Между тем необходимо заметить, что «лево-» и «правополушарность» имеет принципиальное значение не только в культурной ориентации гендера, но и в культуре в целом. Более тонкая и развитая эмоциональность возможна только там, где превалирует прямая чувственная опора на «здесь и сейчас» представленную реальность. А это значит, что ключевыми формами коммуникации в этой сфере остаются первая и вторая сигнальная системы. Между тем развитие культуры (а вместе с ней и социума и человека) – это прежде всего переход от абстрактной возможности к реальной действительности принципиально новых форм бытия, поток взаимопревращений «слово – дело – вещь». Это безраздельное царство третьей сигнальной системы (или, как минимум, надстройки над тем, что образует вторую), и в нем нет места излишней чувствительности; она чужда самой его природе, потому что в нем, «по определению», нет и не может быть никакой опоры чувству. Таким образом, в ущерб «рацио» развиваемая чувствствительность грозит если и не замкнуть человека в сфере чисто репродуктивной деятельности, то во всяком случае ограничить его творчество очень специфическим и узким сегментом. При этом лишь на первый взгляд подобная смена вектора культурного развития способна обернуться благом. Ведь совершенствование эмоционально-чувственной природы человека, в свою очередь, опирается на достижения материальной культуры. Между тем этот вектор не оставляет места даже для производства «игрушек на женщин», о которых говорит уже упомянутый здесь герой «Крейцеровой сонаты» и без которых невозможно ни торжество женщины, ни формирование мужчины по мерке ее идеала: «Пройдите в каждом большом городе по магазинам. Миллионы тут, не оценишь положенных туда трудов людей, а посмотрите, в 0,9 этих магазинов есть ли хоть что-нибудь для мужского употребления? Вся роскошь жизни требуется и поддерживается женщинами. Сочтите все фабрики. Огромная доля их работает бесполезные украшения, экипажи, мебели, игрушки на женщин».

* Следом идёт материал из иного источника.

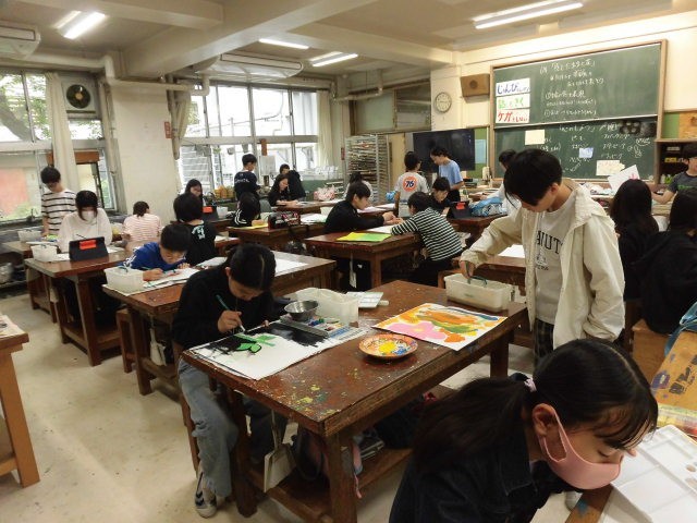 6年生の授業は図工です。花を題材にして絵を描いています。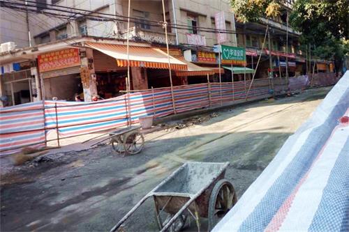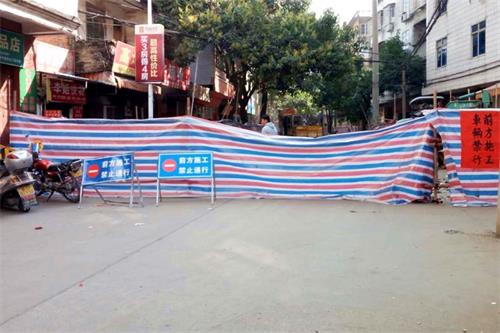 目前该路段已经开始施工,两边路口已经竖起了告示牌,需要经过这路段的车辆请绕道行驶。
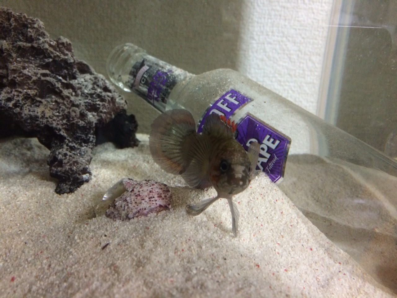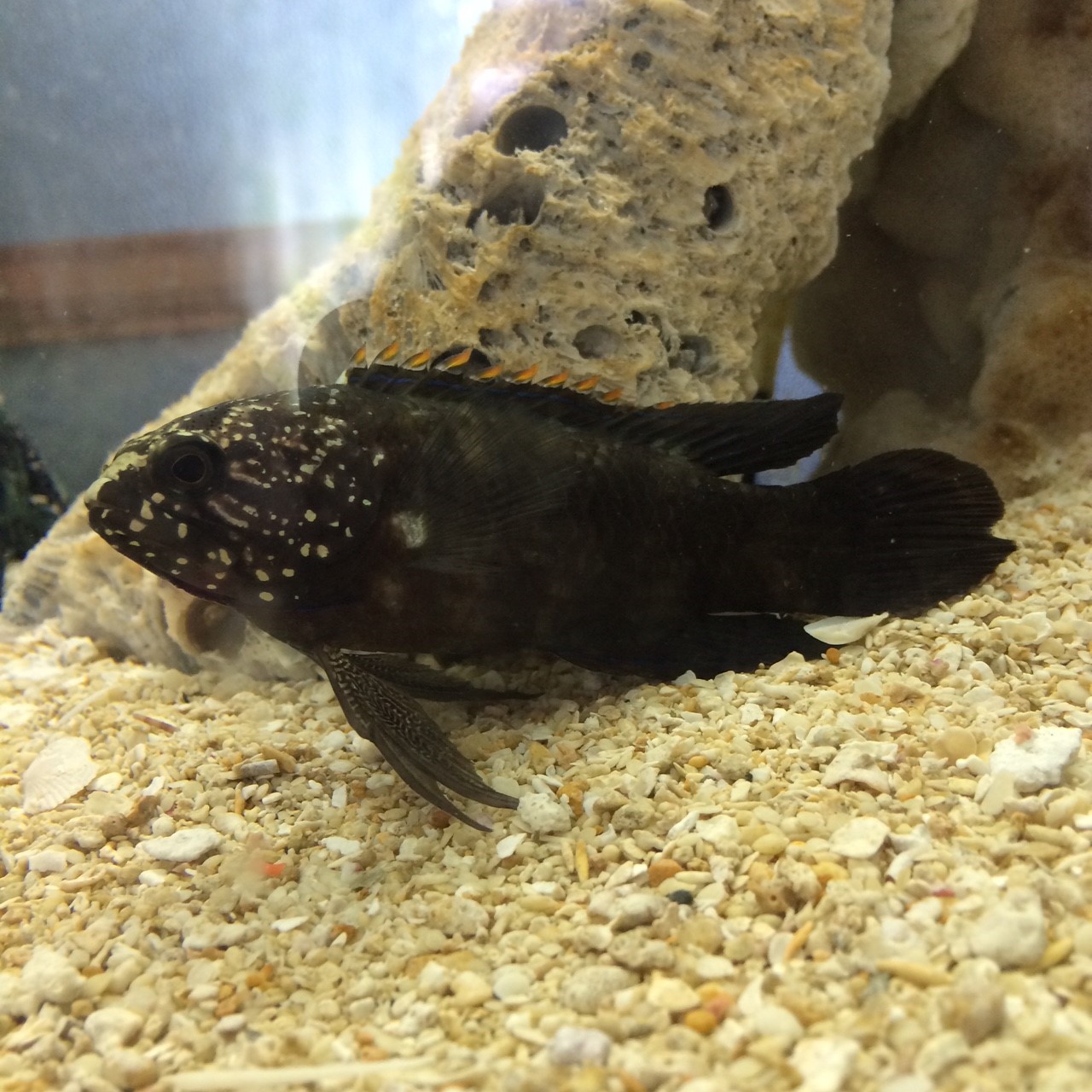 普段は岩の陰、隙間に潜み、岩をどかすと目と目が合う。そして瞬時によその岩陰へと消えます。普段遊泳しないが、逃げる時と摂餌の時はシャトルのようです。エサを水面に浮かべると、狙いを定め、約一秒というわずかな時間でエサを取り元の居場所に戻るという早業。勢いがよすぎるため、海水が飼い主にかかる。たまにエサが取れてないというへたくそ。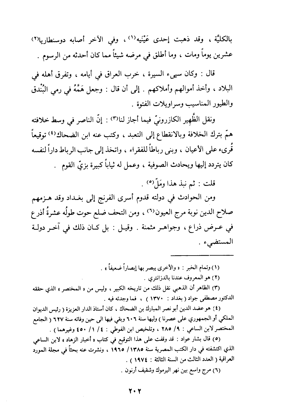 (5) قال بشار عواد: قد وقفت على هذا التوقيع في كتاب " أخبار الزهاد " لابن الساعي الذي اكتشفته في دار الكتب المصرية سنة 1385 / 1965، ونشرت عنه بحثا في مجلة المورد العراقية (العدد الثالث من السنة الثالثة: 1974) .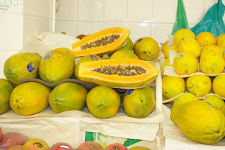Taip pat turguje dideli papajų vaisiai. Lauro lapai fasuoti ir sveriami.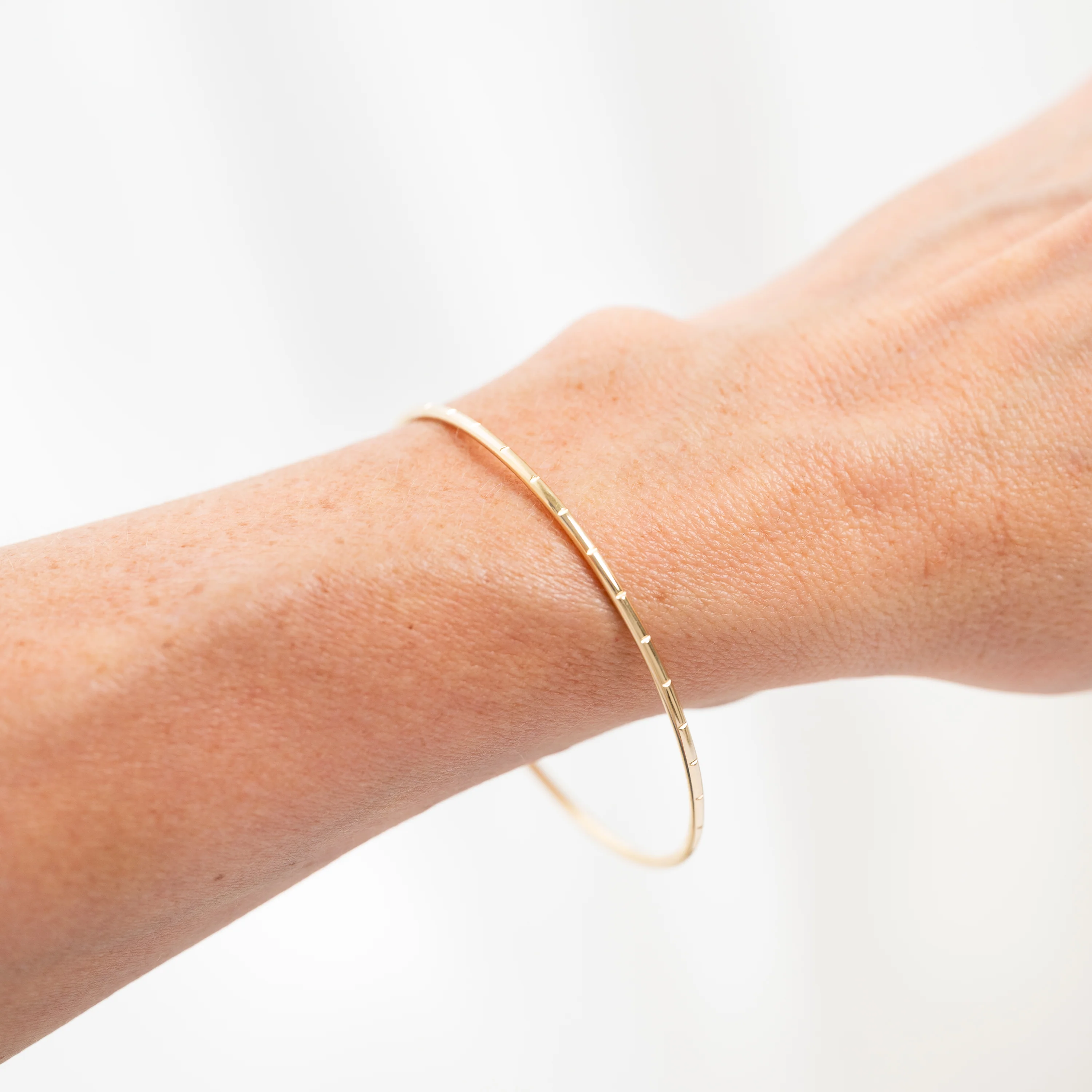 Evenly Spaced: Without a specific number or pattern, notches are spaced evenly around the bangle for a classic textured look.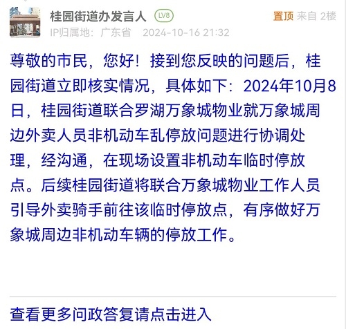 尊敬的市民,您好!接到您反映的问题后,桂园街道立即核实情况,具体如下:2024年10月8日,桂园街道联合罗湖万象城物业就万象城周边外卖人员非机动车乱停放问题进行协调处理,经沟通,在现场设置非机动车临时停放点。后续桂园街道将联合万象城物业工作人员引导外卖骑手前往该临时停放点,有序做好万象城周边非机动车辆的停放工作。
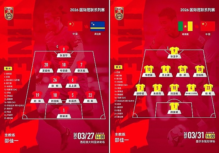 首战库拉索,国足的首发阵容平均年龄为26.2岁,比对手小了3.2岁,邵佳一安排4名U23国脚首发,后续又给了5名U23适龄球员替补出场的机会,王钰栋和刘浩帆早先已经有过为国征战的经历,少帅在青岛西海岸时期的旧部杨希、徐彬迎来了国家队首秀。次战喀麦隆,邵佳一摆出541阵型,胡荷韬和吾米提江首发,6名参加了U23亚洲杯的年轻球员合体,国足首发阵容的平均年龄下降到了25.2岁。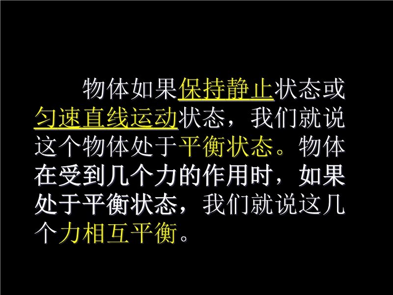 【内容简介】本课件以人教版教材第十二章第六节为基础制作,共有25张幻灯片。课件引导学生认识了什么是平衡状态,探究了物体处于平衡状态的条件,即二力平衡的条件。课件用flash动画模拟探究了二力平衡状态的条件等。课件制作新颖,有反馈练习,值得借鉴。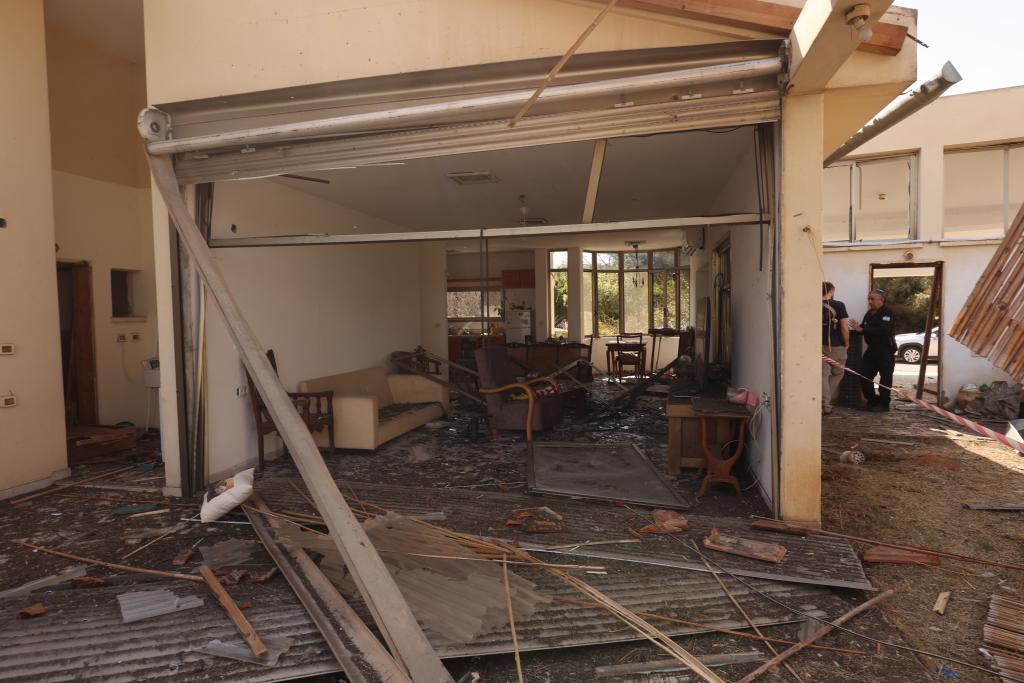 This photo taken on March 12, 2026 shows a house damaged by a projectile launched from Lebanon, in Haniel, central Israel. Iran's Islamic Revolution Guard Corps (IRGC) acknowledged joint operation with Hezbollah against Israel. (Photo by Gil Cohen Magen/Xinhua)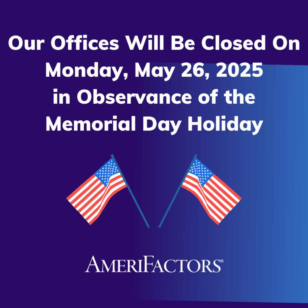 AmeriFactors will be closed on Monday, May 26, 2025.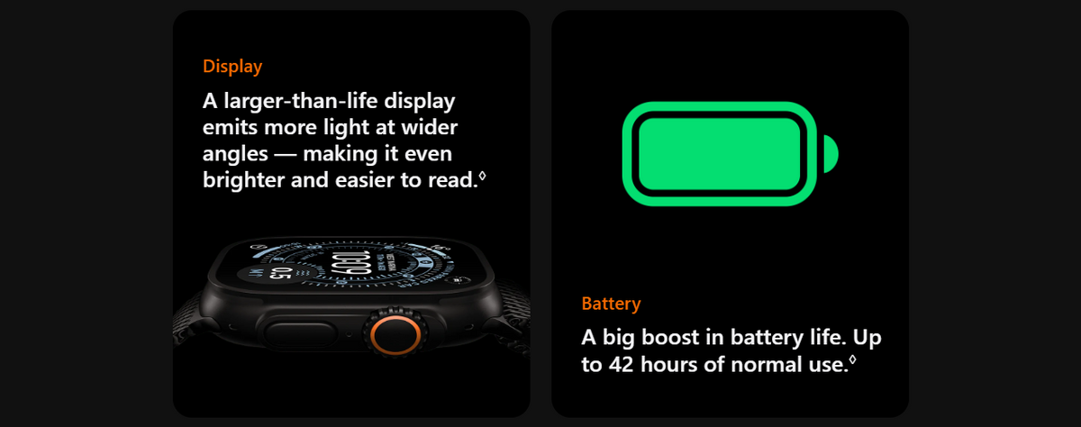 Brighter When Viewed at an Angle: When angled away from the user as compared with Apple Watch Ultra or Ultra 2.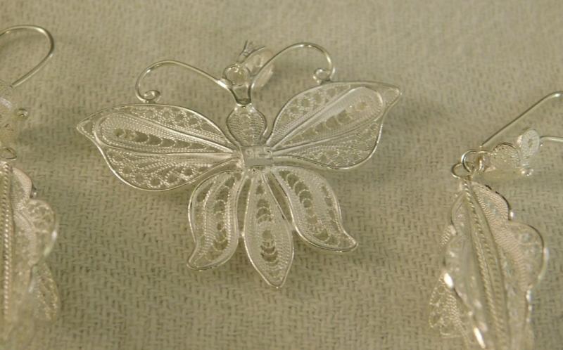 Artisan Crafted Sterling Silver Butterfly Pendant with Matching Earrings

Не забудем и о том обстоятельстве, что до школьника не могут не доноситься отзвуки повсеместного славословия женщины как представительницы «лучшей половины» человечества. Правда, одновременно мальчику, подростку, юноше внушается, что он – сильный, но ежедневно ощущаемое превосходство «слабого» пола над ним, кто при любых обстоятельствах должен быть хозяином положения, не может не порождать комплекс неполноценности, сомнение в том, что он не отвечает обычной для мужчины норме. Это тем более травмирует психику ребенка и, так или иначе, сказывается на развитии. «Педагогически запущенные» мальчики, число которых неуклонно возрастает от класса к классу, во многом результат именно такой организации обучения.
Немалую роль играет и тот факт, что под давлением культурных норм еще задолго до первого класса мальчику начинают прививать мысль, что он должен во всем уступать противоположному полу. Здесь же, в школе, на каждом шагу убеждаясь в его превосходстве (нередко даже физическом, поскольку после десяти лет физическое развитие девочки ускоряется и даже по массе тела она какое-то время опережает мальчика), уступка воспринимается им не как свободный дар сильного, но как обязанность слабого, как дань униженного. Добавим, что главным коммуникатором этой нормы становится не мужчина, но женщина-учитель, поэтому мальчик хорошо знает, что в любом конфликте с девочкой виновным всегда будет признан он, и даже собственные родители никогда не встанут на его сторону. Если он будет еще и побит ею, над ним станут смеяться даже мальчики.
Все годы учения школа воспитывает честолюбие будущего мужчины на великих завоеваниях александров, цезарей, наполеонов, судьбоносных открытиях эвклидов, ньютонов, эйнштейнов, творениях рафаэлей, моцартов, пушкиных… мужские имена, как вехи, размечают для него историю социума и его культуры. Но вместе с тем все годы учения дают мальчику понять, что лично он – из совершенно иного ряда, ряда ущербных, ибо во всем уступает своим сверстницам. Об этом свидетельствует даже такой приводимый И. С. Коном факт: «В советское время от двух третей до трех четвертей всех секретарей школьных комсомольских организаций составляли девочки. Властные и одновременно послушные взрослым девочки-подростки <…> подавляли спонтанную, неорганизованную мальчишескую энергию, вытесняя мальчиков на периферию официальной школьной жизни в различные неформальные уличные сообщества»[555]
(проще говоря, выталкивая их «в бандиты»). Правда, здесь не следует забывать, что на выбор школьников решающее влияние оказывал учитель, поэтому дело, конечно же, не в одних особенностях девичьих и мальчишечьих характеров. Но ведь и учитель – женщина.